====== Data supplied ======
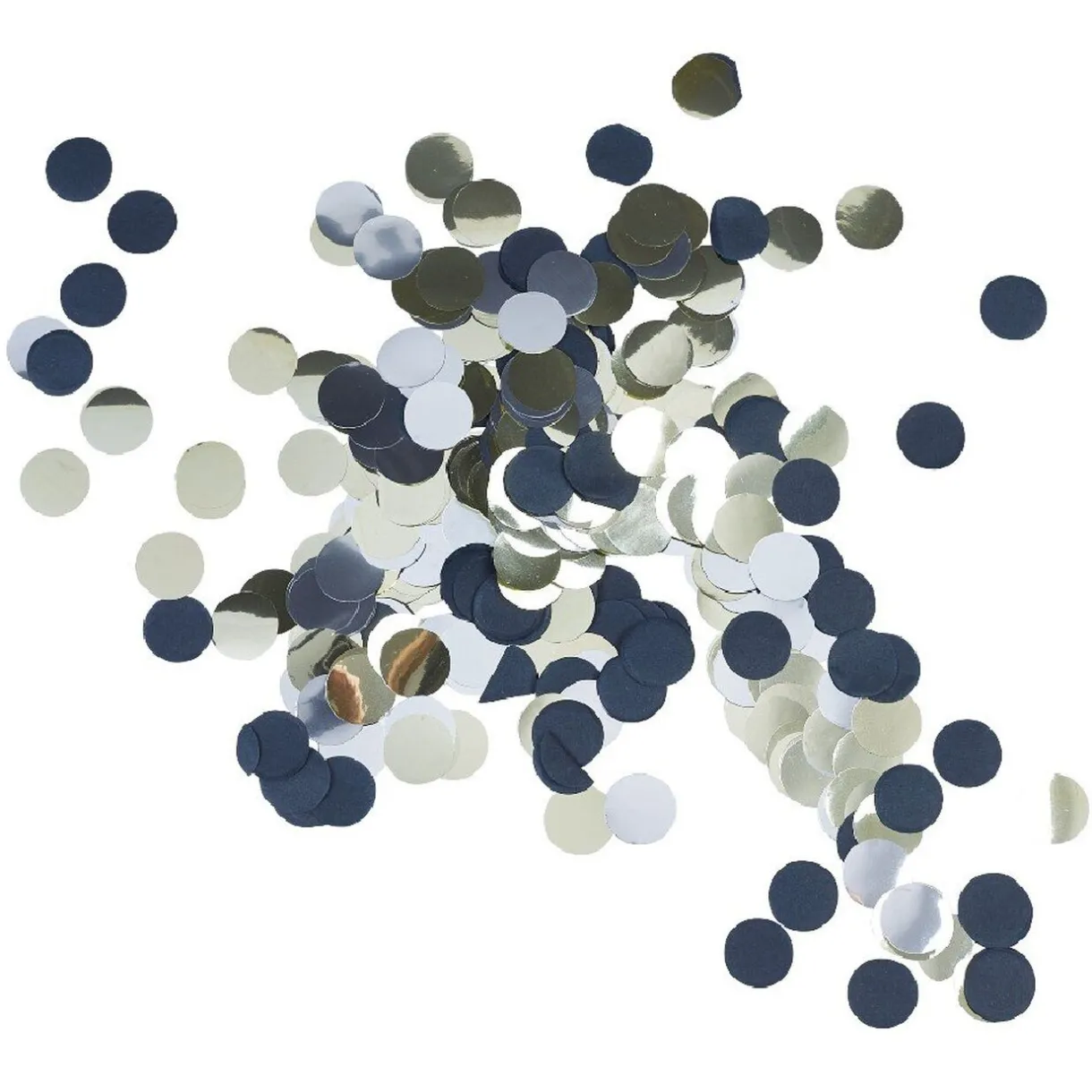Sachet de confettis en aluminium noir, argenté et doré.
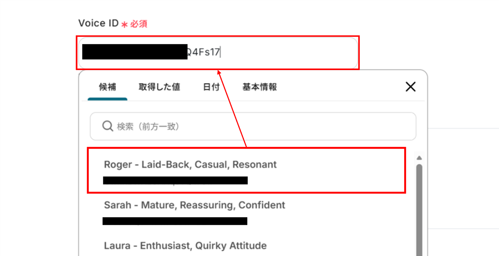 - ElevenLabsでの声の変換オペレーションでは、変換後の声の種類を示す「Voice ID」を任意で設定できます。
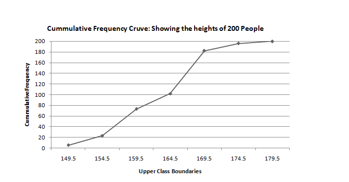 The cumulative frequency curve is also called the OGIVE. It is the graph of the cumulative frequency against the upper class boundary.
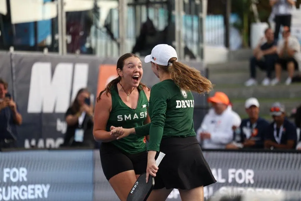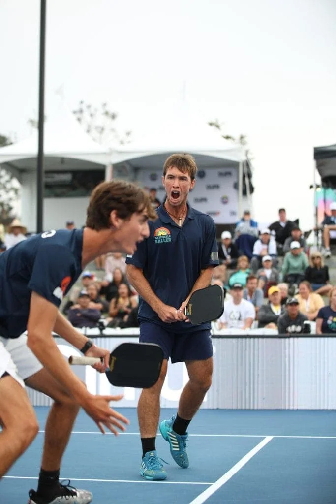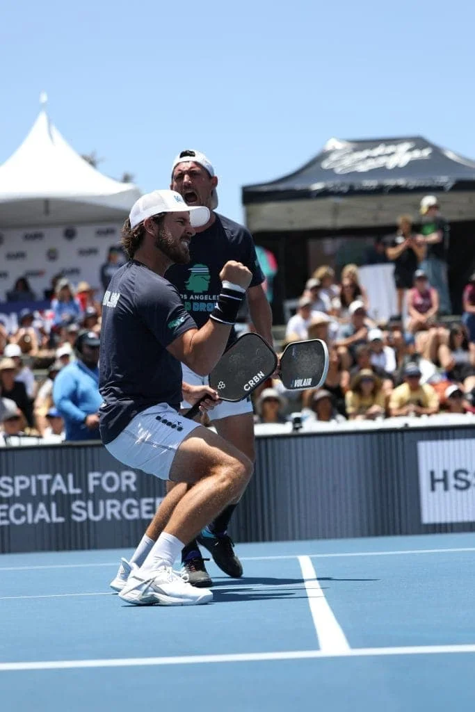 Men’s Doubles: SoCal wins 22-20 SoCal displays an aggressive start with Koller and Riley launching early attacks, gaining a 4-1 lead. Koller’s efforts keep Newman from getting caught in the kitchen. Travis delivers a sharp angled volley that Riley fails to track down, narrowing Florida’s deficit to 7-5. Travis heats up the game, but Riley cools him down with a speed-up shot. SoCal maintains an 11-7 lead at the switch. Riley confidently hits a flying erne, staring down Florida, and making it 12-7. SoCal calls a timeout when Florida mounts a comeback, with the score standing at 12-11. Kyle Yates pulls off an incredible shot in the back corner to save a game point, tying the game at 20-20. Kyle unleashes a powerful forehand speed-up to regain the ball, and Travis misses an ATP, leaving the score still tied at 20-20. Koller steps in and secures the victory with a backhand volley down the middle, winning the game 22-20. It was an amazing display by both teams.
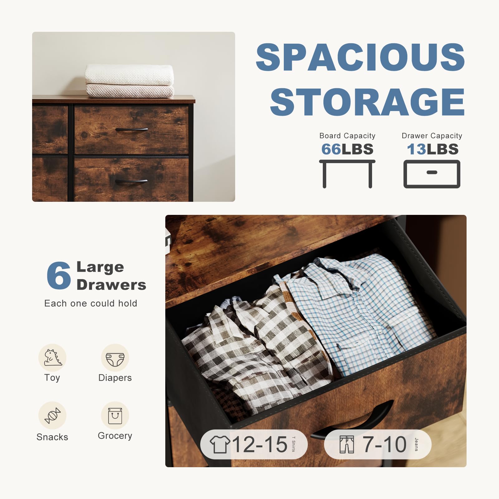 DUMOS TV Stand for Living Room Entertainment Center with 6 Fabric Drawers Dresser for Bedroom Storage Organizers Units, Brown
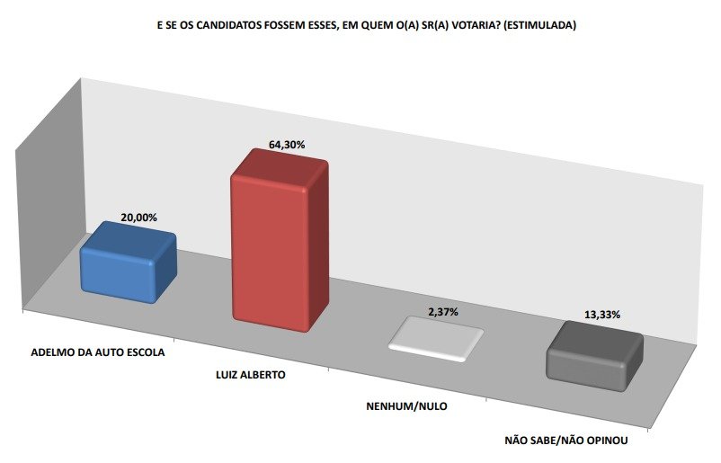 Quando perguntados sobre o candidato que deve ganhar a eleição, independente das intenções de voto, Luiz Alberto lidera com 58,28% das previsões. Adelmo aparece com 17,63% e outros 24,09% dos entrevistados não souberam responder.
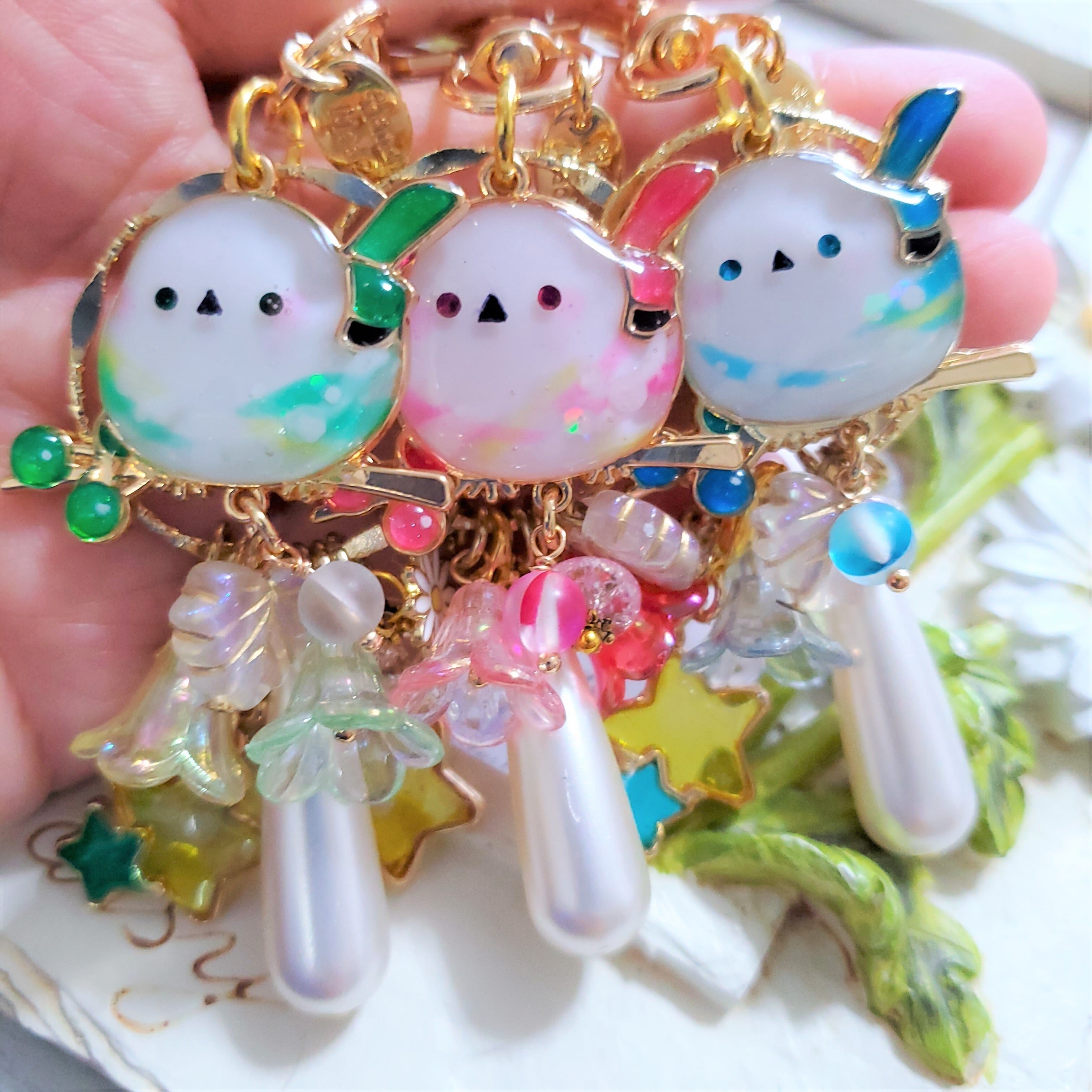 シマエナガちゃんに木の実と葉っぱのチャーム付き
======
→ What you are asked to do: An acceptable answer holds exactly the lines from the one with "Men’s Doubles: SoCal" through the end of the entries above, both ends kept, and no pictures at all.

→ Answer area:
 Men’s Doubles: SoCal wins 22-20 SoCal displays an aggressive start with Koller and Riley launching early attacks, gaining a 4-1 lead. Koller’s efforts keep Newman from getting caught in the kitchen. Travis delivers a sharp angled volley that Riley fails to track down, narrowing Florida’s deficit to 7-5. Travis heats up the game, but Riley cools him down with a speed-up shot. SoCal maintains an 11-7 lead at the switch. Riley confidently hits a flying erne, staring down Florida, and making it 12-7. SoCal calls a timeout when Florida mounts a comeback, with the score standing at 12-11. Kyle Yates pulls off an incredible shot in the back corner to save a game point, tying the game at 20-20. Kyle unleashes a powerful forehand speed-up to regain the ball, and Travis misses an ATP, leaving the score still tied at 20-20. Koller steps in and secures the victory with a backhand volley down the middle, winning the game 22-20. It was an amazing display by both teams.
 DUMOS TV Stand for Living Room Entertainment Center with 6 Fabric Drawers Dresser for Bedroom Storage Organizers Units, Brown
 Quando perguntados sobre o candidato que deve ganhar a eleição, independente das intenções de voto, Luiz Alberto lidera com 58,28% das previsões. Adelmo aparece com 17,63% e outros 24,09% dos entrevistados não souberam responder.
 シマエナガちゃんに木の実と葉っぱのチャーム付き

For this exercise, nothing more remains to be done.